Polls Suggest Right-Wing Surge In EU Elections


If polls are any indication, French President Emmanuel Macron is on track to be the biggest loser of the upcoming European Parliament elections. On June 6 and 9, some 400 million citizens in all 27 EU member states will be eligible to choose their representatives in the continental legislative body.

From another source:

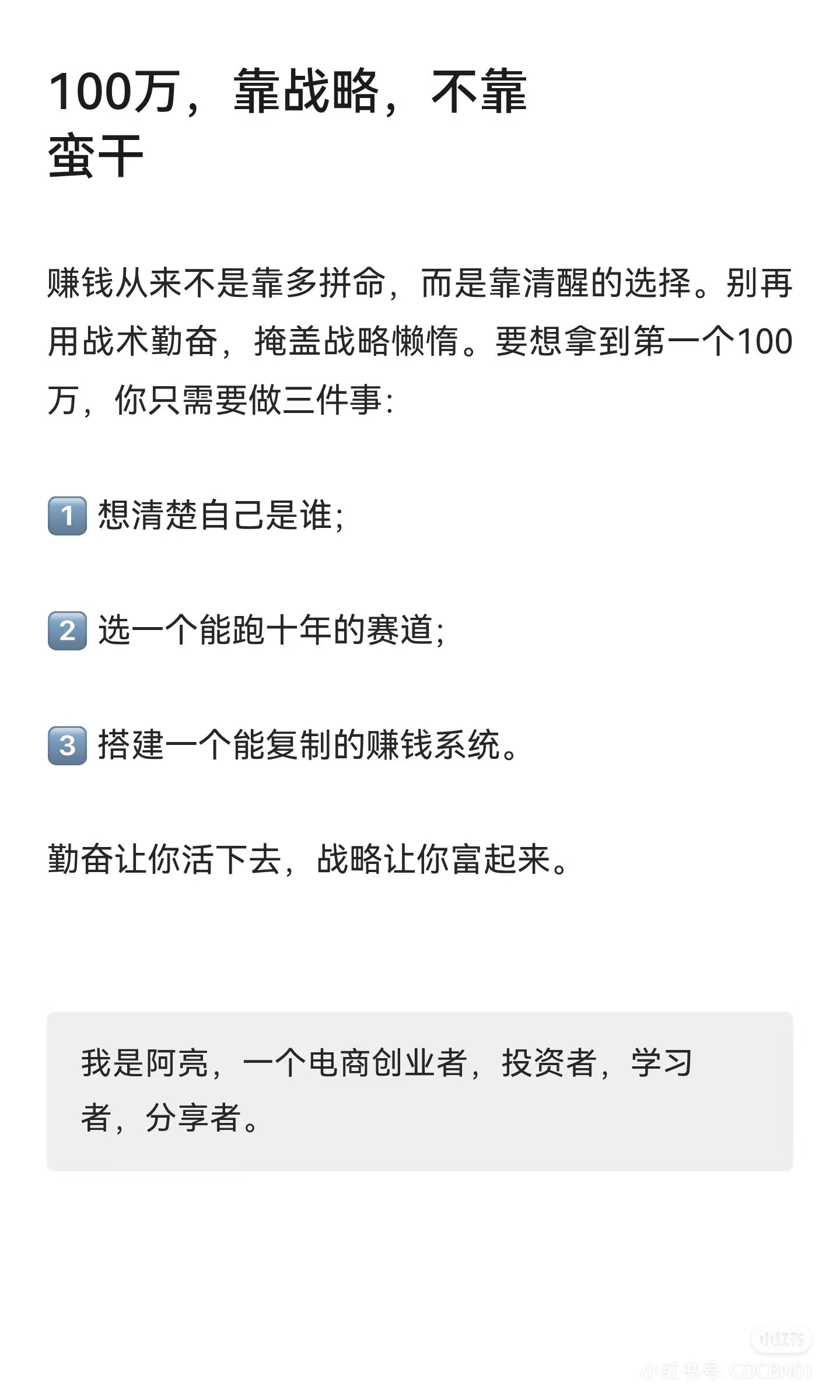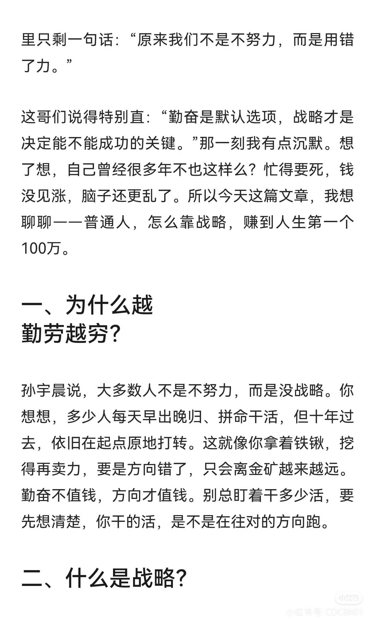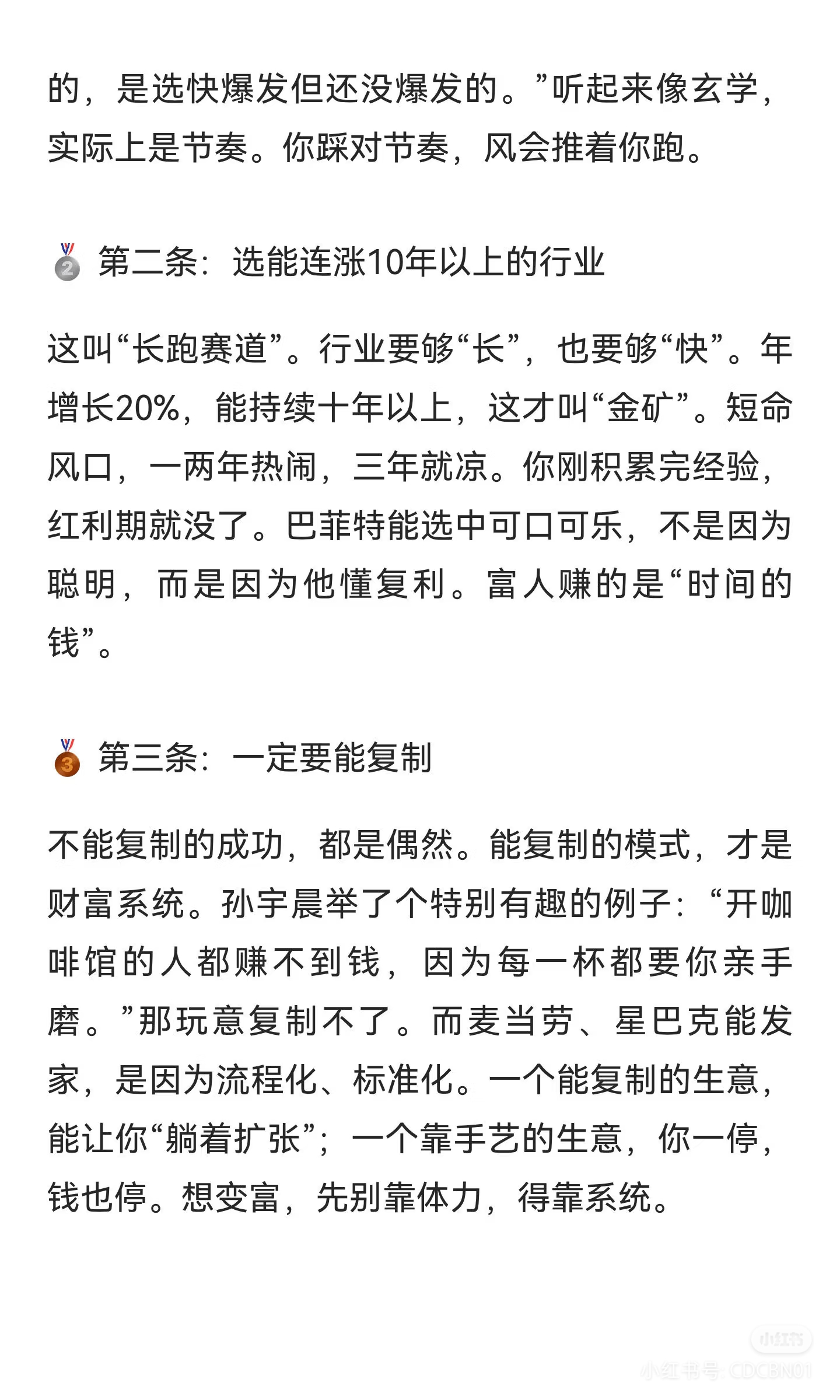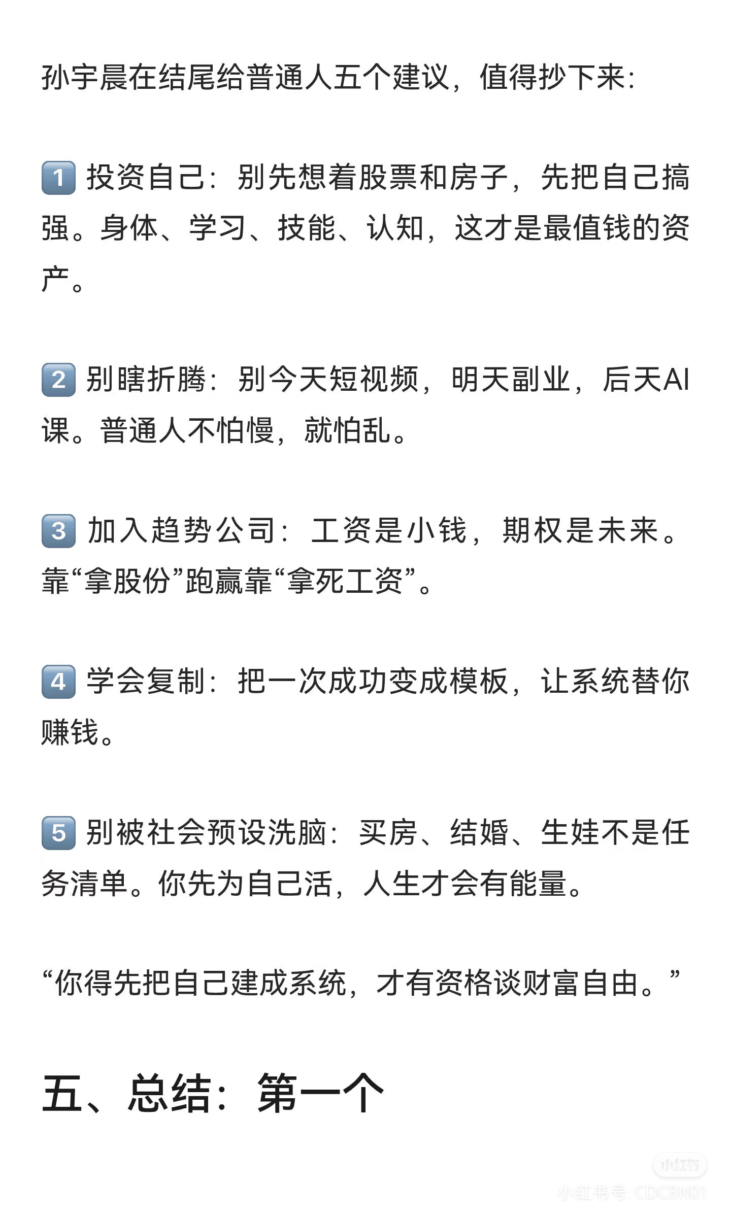 孙宇晨说,赚第一个100万的5条军规。第一,选一个即将爆发或者临近爆发的行业,这样才能吃到行业的红利。 第二,找一个高速增长的企业公司,比如以20%的速度连续增长10年。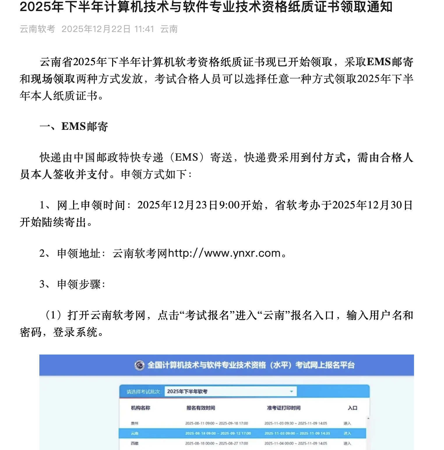 点击查看云南考区软考证书领取通知原文

Not only has Macron’s Renew centrist coalition consistently polled well behind the far-right National Rally party led by the new enfant terrible of French politics, Jordan Bardella, but now it is staring at the possibility of a humiliating third-place finish behind the left-wing coalition spearheaded by Raphaël Glucksmann.

While France’s next presidential election is not scheduled until 2027, the EU Parliament vote is expected to offer a strong signal of the direction of the French electorate going into the second half of Macron’s five-year term

“Macron is unpopular for a range of reasons domestically, tarnishing his aspiration to be the main leader in the EU, post-Merkel,” says Martin Steven, senior lecturer in European Politics and International Relations at Lancaster University: “Still, the far-right is on the rise, not just in France but across Europe.”

Indeed, signs of a right-wing surge are here. Italy’s nationalist Prime Minister Georgia Meloni has become a power player in EU politics; the Netherlands’ anti-Islam populist Geert Wilders’ win in November’s Dutch elections stunned Europe; in Sweden, the center-right government relies on a party with neo-Nazi roots for its parliamentary majority; and Hungary’s pro-Russian leader Viktor Orbán remains more popular than ever after 14 years of rule.

But the right-leaning and Eurosceptic movements in the European Parliament are not monolithic, Stevens cautions. “The more extremist parties of the Identity and Democracy group and the European Conservatives and Reformists disagree fundamentally over key questions around Ukraine as well as the functioning of the single market,” Stevens says. “The EU has always trod a fine line between being a rich club for capitalist countries and a strong advocate for social security and equalities. The post-2024 EU may well be more conservative but is unlikely to be more far-right.”